(Records from a collection)

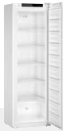
SFFsg 4001 6 ESTANTES -9°C / -30°C
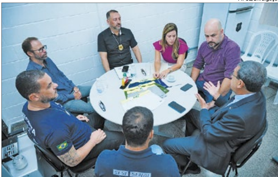
Ministério Público, Receita Federal, Secretaria de Justiça e Senai participam do projeto

Parceria une esforços para reinserir internos no mercado de trabalho
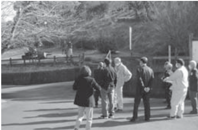
加茂農村公園を視察する委員
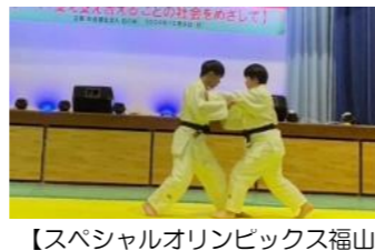
【スペシャルオリンピックス福山 柔道アスリート】
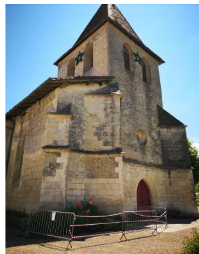
Des barrières sont placées pour sécuriser le parvis

Dans le cadre du plan de relance de la culture, des crédits de l'état à hauteur de 7000 euros ont été alloués pour financer la rénovation de la toiture du presbytère. Il reste encore des études à réaliser afin de sécuriser l'ensemble de l'édifice.
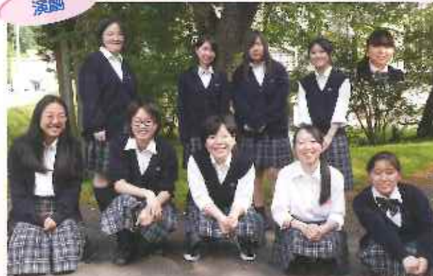
オリジナル脚本での県大会出場を目標に日々稽古を重ねています！

> **What you will do**
Write out the entries above in full and exactly; no pictures.

> **Exercise answer**
SFFsg 4001 6 ESTANTES -9°C / -30°C
Ministério Público, Receita Federal, Secretaria de Justiça e Senai participam do projeto

Parceria une esforços para reinserir internos no mercado de trabalho
加茂農村公園を視察する委員
【スペシャルオリンピックス福山 柔道アスリート】
Des barrières sont placées pour sécuriser le parvis

Dans le cadre du plan de relance de la culture, des crédits de l'état à hauteur de 7000 euros ont été alloués pour financer la rénovation de la toiture du presbytère. Il reste encore des études à réaliser afin de sécuriser l'ensemble de l'édifice.
オリジナル脚本での県大会出場を目標に日々稽古を重ねています！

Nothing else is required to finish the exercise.